Muons are elementary particles, very similar to electrons, but with a mass which is 200 times larger. In contrast to electrons, their large mass allows them to penetrate great distances through matter. Muons with an energy greater than a few GeV thus tend to escape from particle physics detectors, but they leave tracks behind them which provide a clear signature. Muons therefore offer a unique testing ground for rare and exotic processes, provided that the standard model backgrounds are well understood. In electron proton scattering, muon pairs are mainly produced in two-photon interactions, where the incoming photons are radiated from the beam particles. The Feynman diagram for this dominant production mechanism is shown on the right. The cross section becomes large when the momentum transfer to the scattering particles is small and the photons are quasi-real. Since the photon-photon interaction and the photon coupling to the electron are governed by electroweak interactions, they can be precisely calculated using the Standard Model of particle physics. The only large uncertainty in the calculation arises from the photon flux associated with the proton.

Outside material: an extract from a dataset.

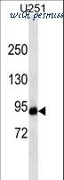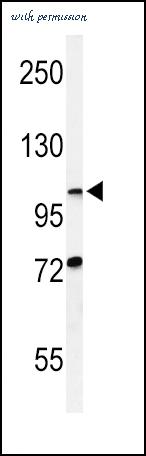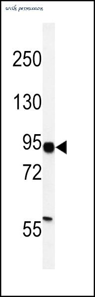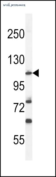 Western blot of HIF1Alpha Antibody in MDA-MB231 cell line lysates (35 ug/lane). HIF1Alpha (arrow) was detected using the purified antibody.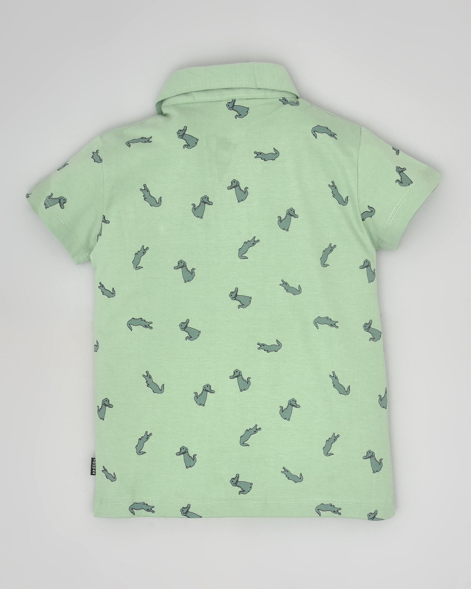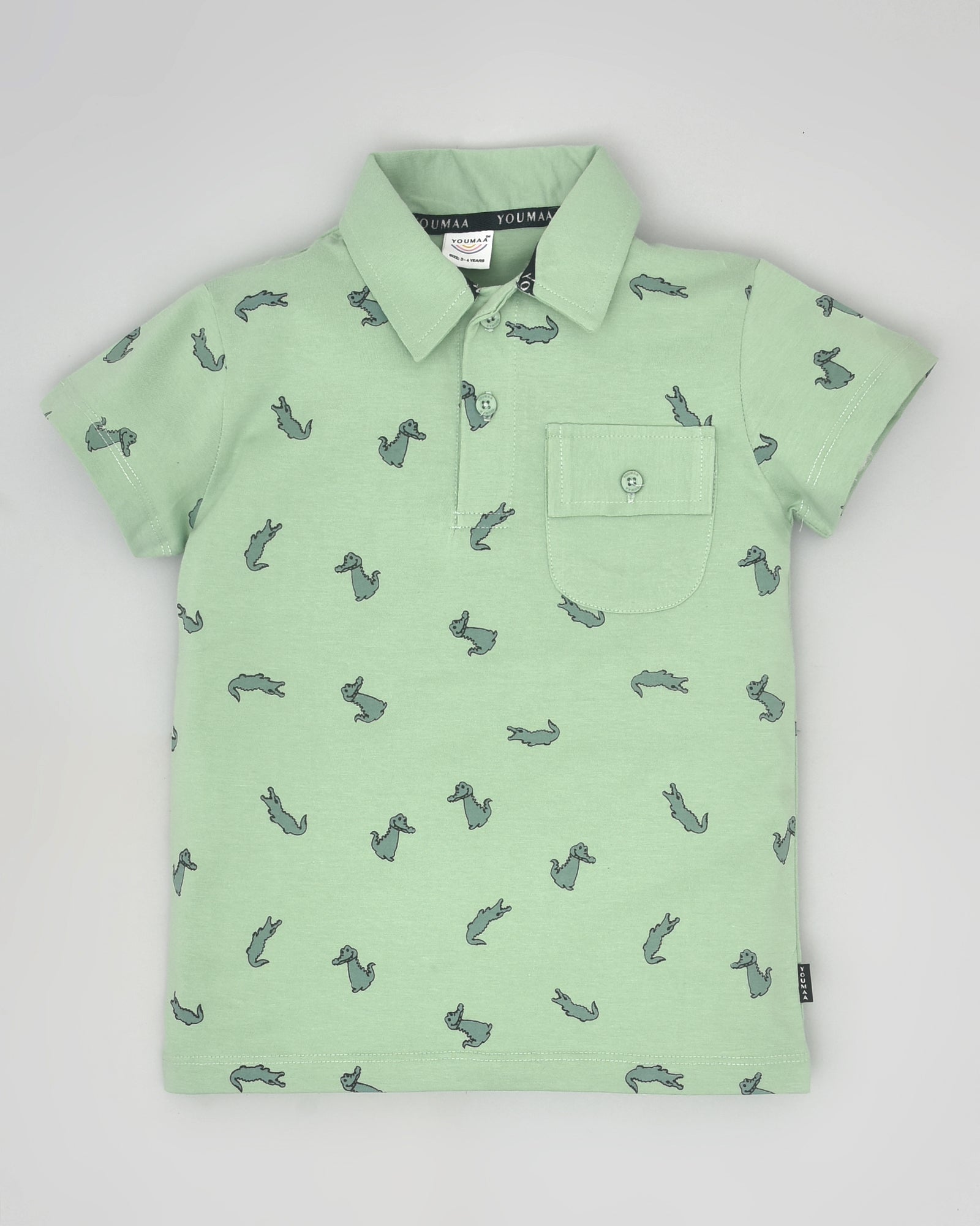 Youmaa Boys -100% Cotton Knits Polo Player Tshirt - Collared Half Sleeves-Dinasaur Print -Regular Length- Micro Fibre Cloud Wash Softness-Green

The data collected by the H1 collaboration at an electron proton centre of mass energy of 319 GeV have been used to extract cross sections for muon pair production, in order to test our understanding of the production mechanisms and search for new physics beyond the Standard Model. Differential cross sections have been measured for the production of muon pairs (ep -> e mu mu X) as a function of the di-muon invariant mass, the transverse momenta of the muons and the transverse momentum of the hadronic recoil, X. On the basis of the level of observed hadronic activity, the cross sections have also been separated into an elastic component, where the proton remains intact, and an inelastic component, in which the proton dissociates to form a higher mass system X. All measured cross sections were found to be in good agreement with the Standard Model predictions. As an example, the figure on the left shows the cross section as a function of the di-muon mass. The data agree well with the electroweak prediction (EW GRAPE), which contains the dominant two-photon process together with other smaller contributions from Bremsstrahlung processes in which radiated photons convert to muon pairs and contributions in which heavy Z0 bosons replace the photons. The predictions for other contributions to two muon production, due to Upsilon production, heavy flavour and tau lepton decays are also shown. These contributions are small and are only present at low di-muon masses.
In another recent H1 paper ( DESY-03-082 ), the closely related topic of multi-electron production was studied. Excesses over the Standard Model predictions were observed in the numbers of events containing two electrons and three electrons for which the invariant mass M12 of the two electrons with the largest transverse momentum was larger than 100 GeV. The well established principle of lepton universality implies that any such anomaly in multi-electron production is likely to be visible also in muonic final states. It is therefore worthwhile to analyse the muon pair data in a similar way as is done in the multi-electron analysis. In order to optimise the statistics for this part of the analysis, the full HERA-I data, including early data at an ep centre of mass energy of 301 GeV, are included. Final states containing two muons (mu-mu) or two muons and an electron (mu-mu-e) are studied. For masses M12 > 100 GeV, one mu-mu event is found, while 0.08 ± 0.01 are expected from the Standard Model predictions. No event classified as mu-mu-e with M12 > 100 GeV is observed. The prediction is 0.05 ± 0.01. With such small event numbers, a comparison of the findings in the electron and muon channels is inconclusive. We therefore look forward eagerly to the large increases in statistics expected in the second phase of HERA operation.